Embedding lets you display a live One Model Storyboard inside a third-party application such as SharePoint, Confluence, Google Sites, or Microsoft 365. The embedded Storyboard stays connected to your data and respects all role-based security - viewers only see data they are permissioned for.

You can embed an individual Storyboard or the full One Model application (with the navigation bar) depending on your use case.

An Admin configures embedding in Admin > Company > Embedding Options:

Setting What it does
Allow Embedding Enables the embed feature. Must be on.
Allow Full Application Embedding Includes the One Model navigation bar in the embed.
Allow External Log Off Auto-logs users off One Model when they log off the third-party site.
Allowed Domains Restricts which domains can embed your Storyboards. Leave empty to allow any domain.

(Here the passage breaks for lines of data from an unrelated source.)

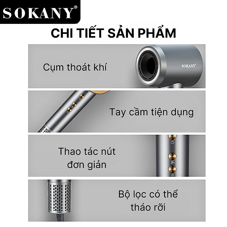 THÔNG SỐ KỸ THUẬT CỦA MÁY SẤY TÓC 2 CHIỀU NÓNG LẠNH SOKANY:- Model: SK-14020- Thương hiệu: SOKANY- Tần số: 50/60HZ- Điện áp: 220V-240V- Công suất:2400W- Độ ồn: 59 db- Kích thước: 28 x 9.5 x 7.5…
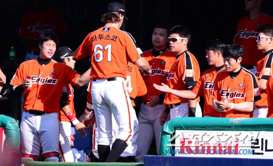 선두 삼성을 맹렬하게 쫓고 있는 넥센이 10일 목동에서 한화와 다시 만났다. 한화 선발 타투스코가 8회를 마치고 덕아웃의 동료들과 하이파이브를 하고 있다. 타투스코는 타선의 침묵으로 승리와는 인연이 없지만 넥센 강타선을 상대로 4점만 허락하는 투구를 선보였다. 목동=조병관기자 rainmaker@sportschosun.com
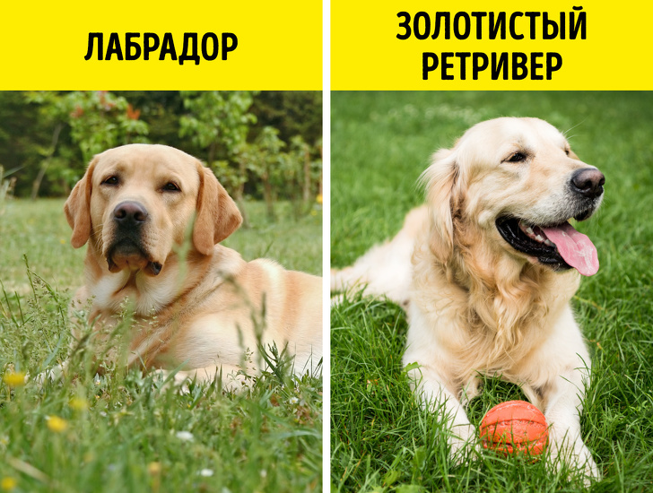 У лабрадорів шерсть коротша, ніж у золотистих ретриверів. Лабрадор — більш товариська і активна порода, в той час як золотисті ретривери трохи спокійніше.
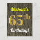Cartão Postal Faux Wood, Faux Dourado 65.º Aniversário e Nome Pe
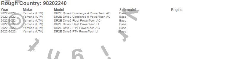 Below is an abbreviated list of applications for the Windshield.DR2E Drive2 Concierge 4 PowerTech AC, DR2E Drive2 Concierge 6 PowerTech AC, DR2E Drive2 Fleet PowerTech AC, DR2E Drive2 Fleet PowerTech LI, DR2E Drive2 PTV PowerTech AC, DR2E Drive2 PTV PowerTech LI, Yamaha (UTV), 2022
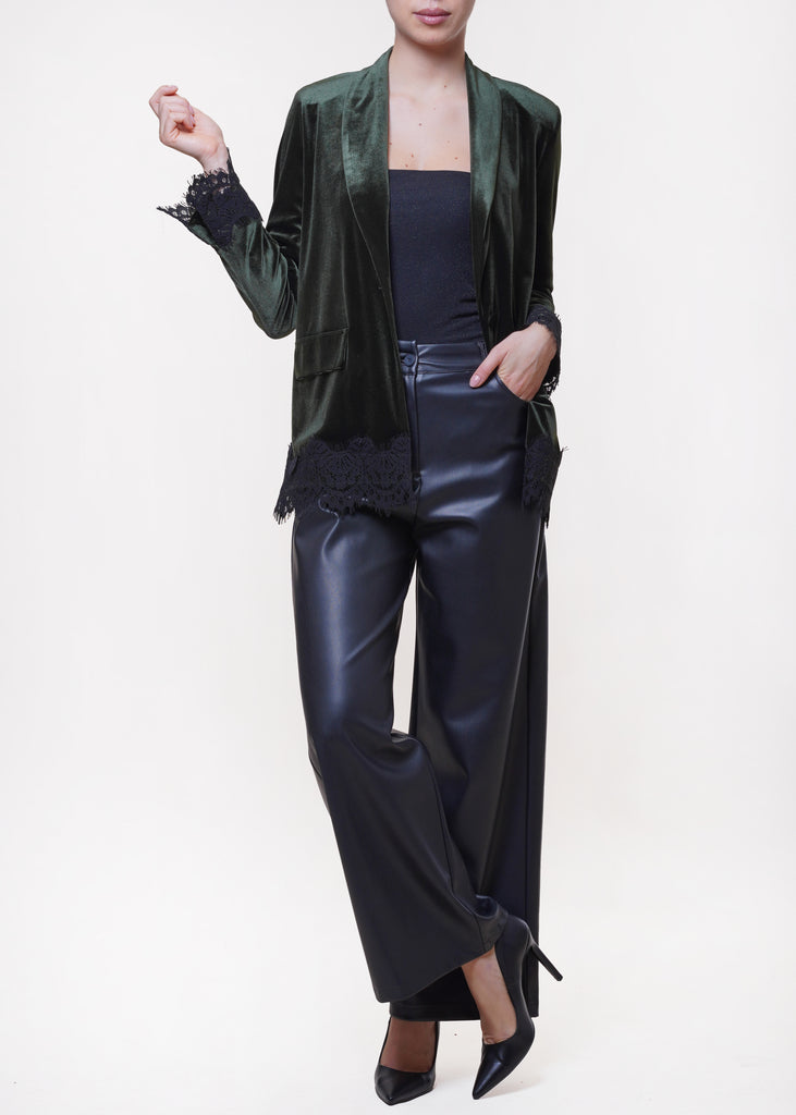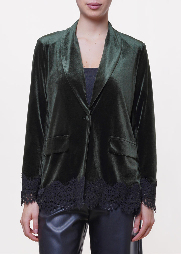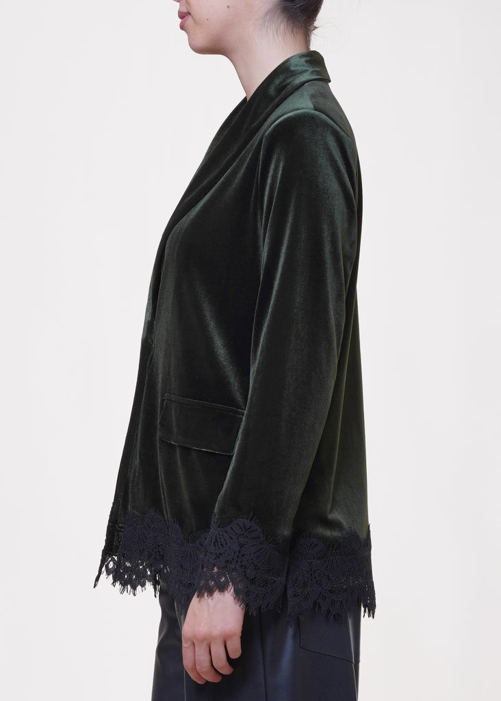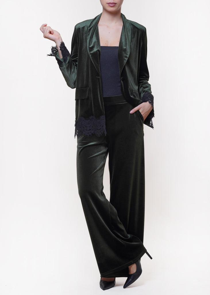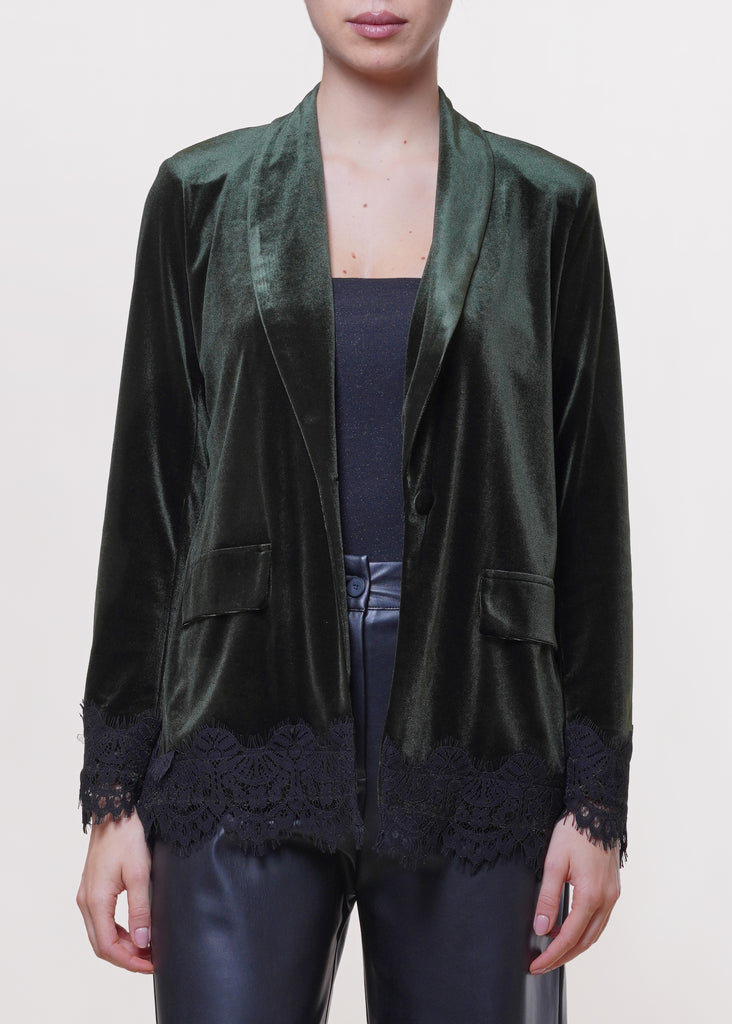 Motel - Giacca in velluto con dettagli pizzo - VERDE
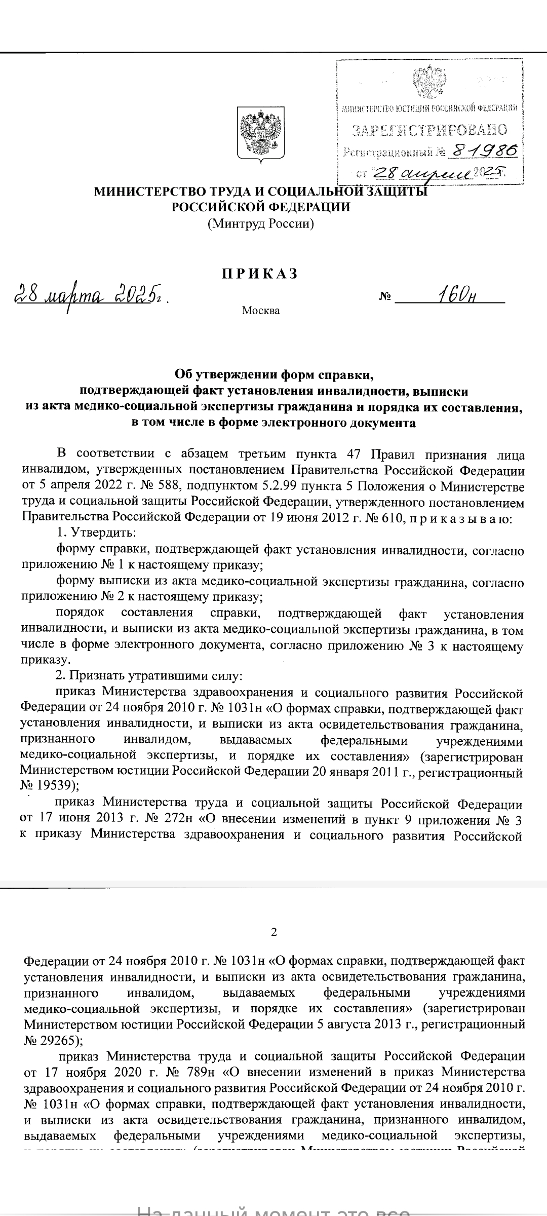 Данный пост носит информационный, предупредительный и познавательный характер до инвалидов, которые проходя очередное переосвидетельствование в марте 2026, не получат желаемую "розовую" справку об инвалидности.

Note: Domain rules are strict: the scheme (http/https) must match, domains must match completely, and only single-level wildcard subdomains (*.example.com) are supported.

Copy the embed link

  1. Open the Storyboard you want to embed.
  2. Click the Settings tab (three dots) > Embed > Copy Link.
  3. The embed URL is copied to your clipboard.

You need the Storyboard Administrator permission to see the Embed option.

Embed in your application

Paste the URL directly into your third-party application, or use an iframe with HTML code. Most modern platforms (SharePoint, Confluence, Google Sites) support URL embedding natively.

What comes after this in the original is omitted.